The words `arising out of' are ordinarily understood to mean `originating from,' or `having its origin in,' `growing out of' or `flowing from.' Cameron Mut. Ins. Co. v. Ward, 599 S.W.2d 13, 15 (Mo.App. 1980). Accordingly, our courts have recognized the term `use' in an omnibus clause imports more than the act of driving in or riding in an automobile. Bituminous Cas. Corp. v. Aetna Life Cas., 599 S.W.2d 516, 518 (Mo.App. 1980); See Oberkramer v. Reliance Ins. Co., 650 S.W.2d 300, 302-303 (Mo.App. 1983). Many decisions have in effect recognized use as going beyond the narrow meaning of the direct mechanical operation performed by the driver and as encompassing the broader concept of employing or putting the vehicle into one's service by an act which assumes at anytime — with the consent of the owner or his agent — the supervisory control or guidance of its movements. Id.; Waltz v. Cameron Mut. Ins. Co., 526 S.W.2d 340, 344 (Mo.App. 1975). Although it is not required that the `use' of the automobile be the direct and proximate cause of the injury in the strict legal sense of causation permeating general tort law, there must be some causal connection between an injury and the use in order for there to be recovery.

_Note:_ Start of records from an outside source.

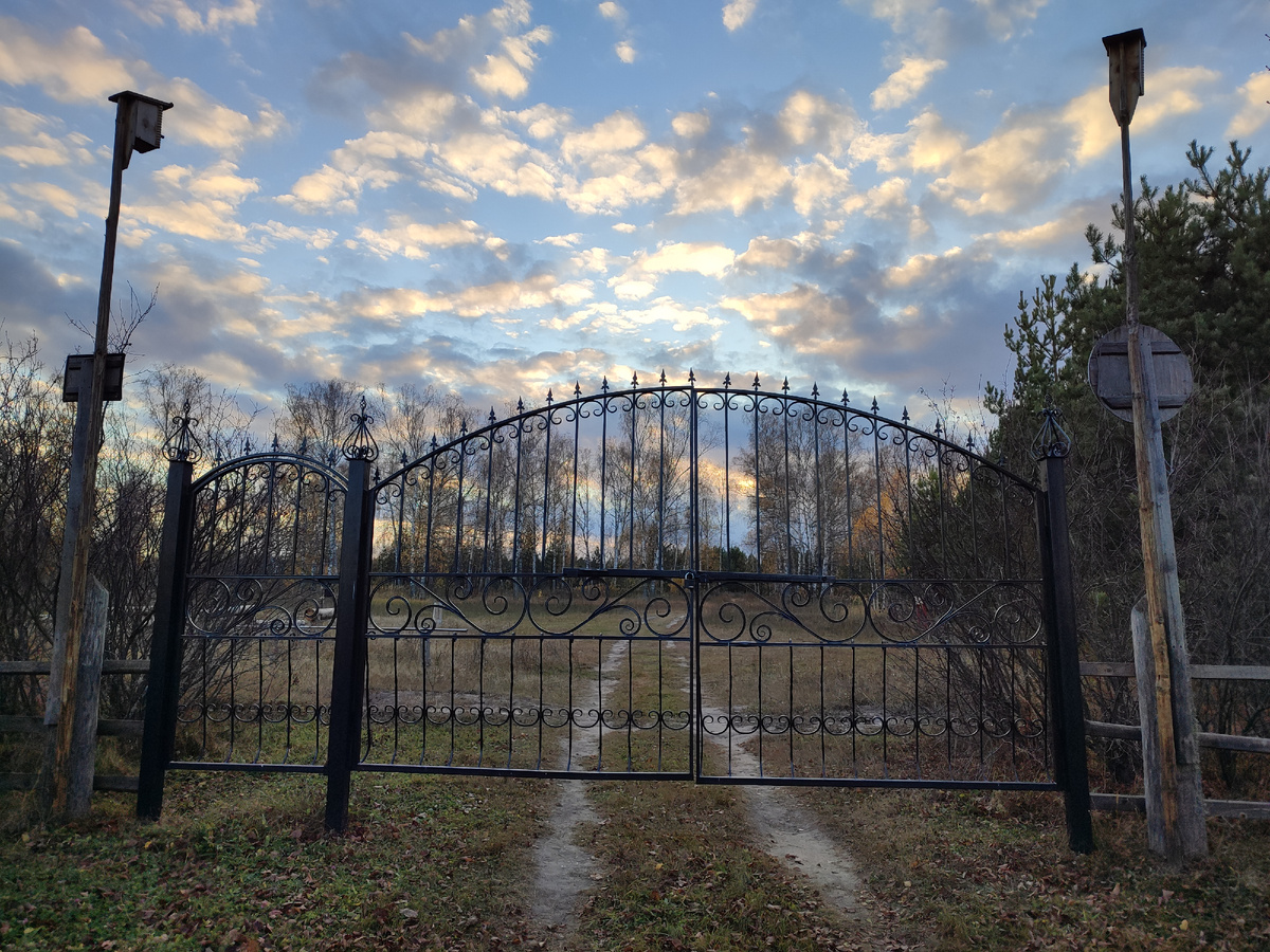 Я не буду писать о том, как мы с братом до туда добрались. Это был вообще квест, так как мой брат забыл туда дорогу, но был стойко уверен, что он прав. Хотя если бы мы сделали так как я предлагала добрались бы до туда гораздо быстрее. Но когда мужики нас слушали вообще? Нас встречали чёрные металлические ворота. Чёрные металлические ворота и деревянный забор через который можно легко перелезть, это кончено вообще мощно😆 ещё и висят замки и предупреждающие надпись "ведётся видеосъемка". Через что она конкретно ведётся мы так и не нашли. Брат предположил, что может быть камера прячется в скворечнике😄 Идем дальше. В общем у меня в деревне есть бюджетный лесной техникум, там готовят садовников, лесников, ландшафтных дизайнеров и тд. Ну в СССР это ещё работало, щас туда просто идут неучи, что б хоть какую то корочку получить. Еще тут стоят вот такие домики без окон и дверей. Было бы конечно гораздо круче, если б тут стояла вырезанная из дерева бабка ежка, избушка на курьих ножках,
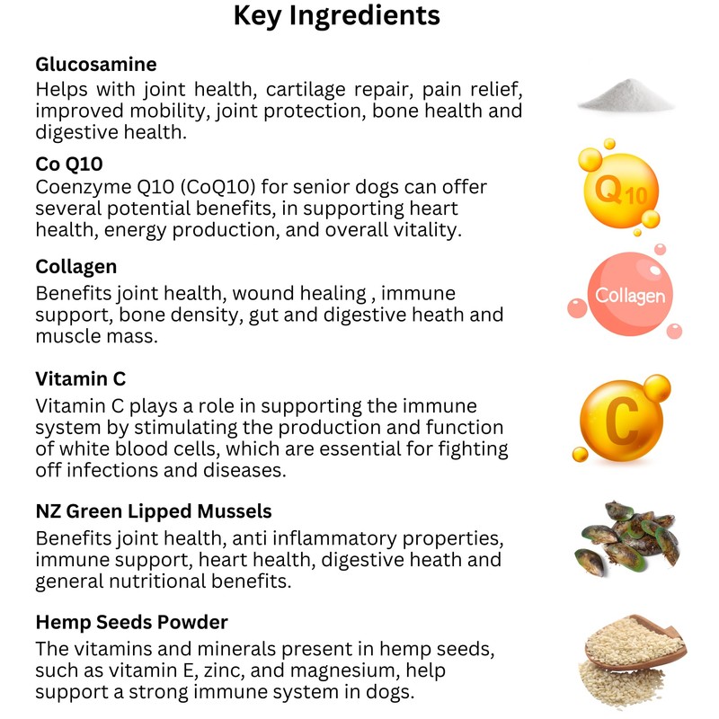 Quality Assurance: Premium, safe, and effective ingredients for senior pet's health.
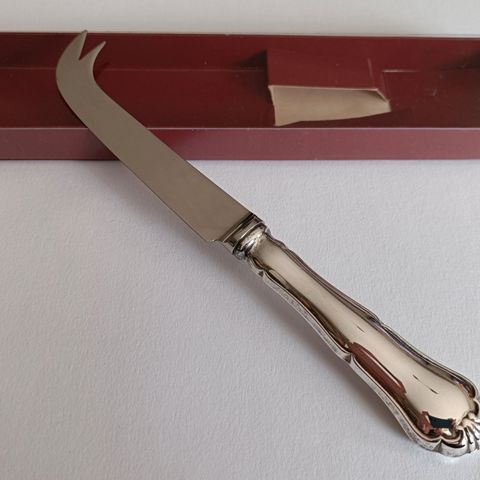 Myydään hopeavartinen juustoveitsi, klassista Chippendale-mallia.
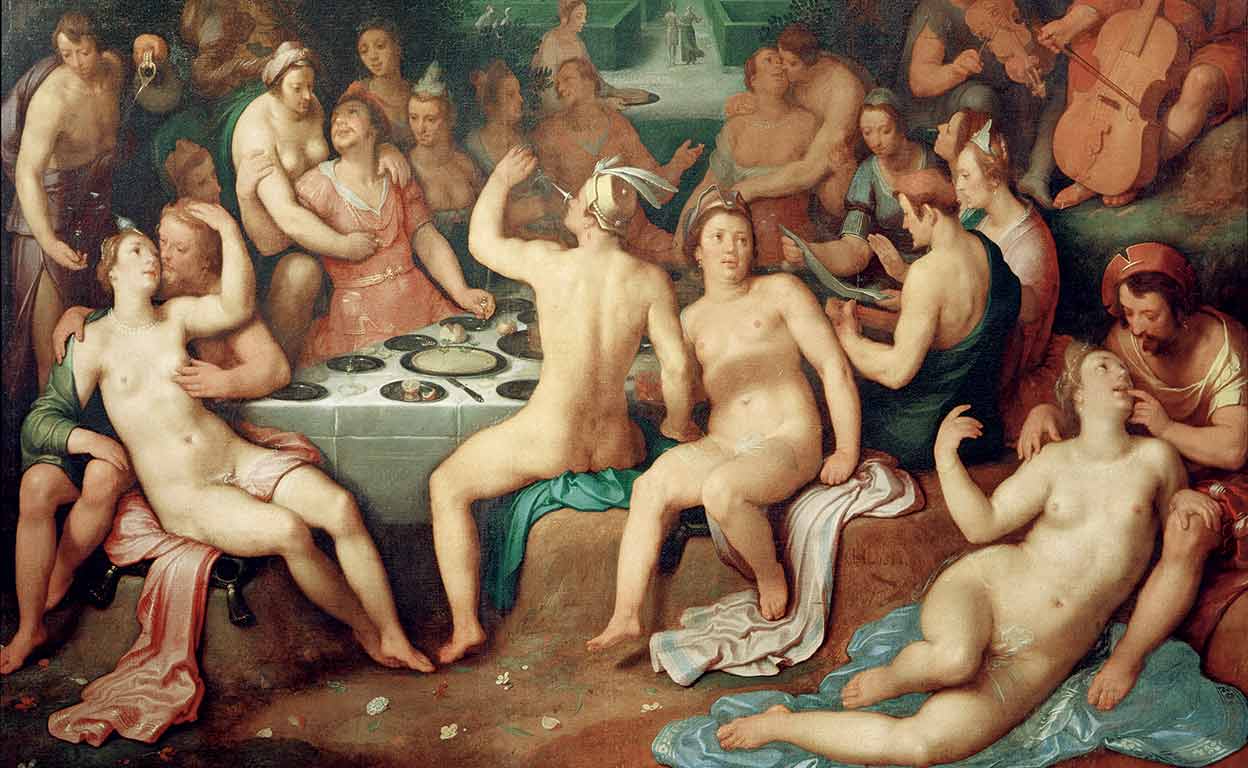 En la época de Pericles, las prostitutas de lujo, llamadas ‘hetairas’, eran invitadas a cenas que podían derivar en grandes orgías en las que los esclavos más codiciados participaban del jolgorio general. Despojadas en gran medida de su simbolismo ritual primitivo, a esas cenas acudía la flor y nata de la sociedad ateniense para filosofar, comer, beber sin piedad y disfrutar de los placeres carnales.
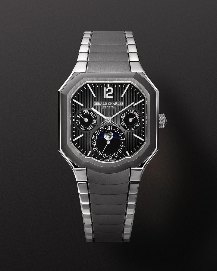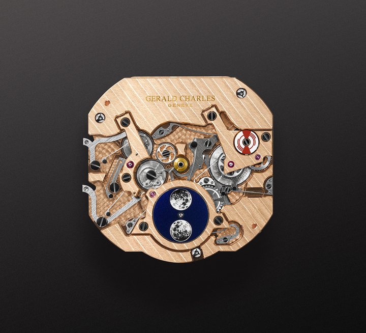 Those three counters show the day, date, month, phases of the moon and leap year. These are mechanically programmed to account for month lengths, even in a leap year, for more than 100 years. Indications are fuelled by calibre GCA11000, an automatic movement wound by a golden micro-rotor that offers a power reserve of 50 hours. This new calibre also becomes a platform for future Gerald Charles watchmaking innovations.

Pope v. Stolts, 712 S.W.2d 434, 436-437 (Mo.App. 1986). The plaintiff at the time of his injury was not exercising supervisory control or guiding the movements of the Oldsmobile. Moreover, it does not require citation or an extended discussion to conclude there was no casual connection between the act of the plaintiff driving and parking the Oldsmobile and the injuries allegedly negligently inflicted by Rather. See Annot., Automobile Liability Insurance, 15 A.L.R.4th 10 (1982).
The plaintiff cites Famuliner v. Farmers Ins. Co., Inc., 619 S.W.2d 894 (Mo.App. 1981). That case does not aid the plaintiff. That case establishes "[t]here is no violation of the statute unless a policy condition limits uninsured motorist protection as to persons who otherwise qualify as insured for liability purposes." Id. at 897. Also see Adams v. Julius, supra. The plaintiff, at the time of his injuries, did not qualify as an insured for liability purposes in respect to the Little policy.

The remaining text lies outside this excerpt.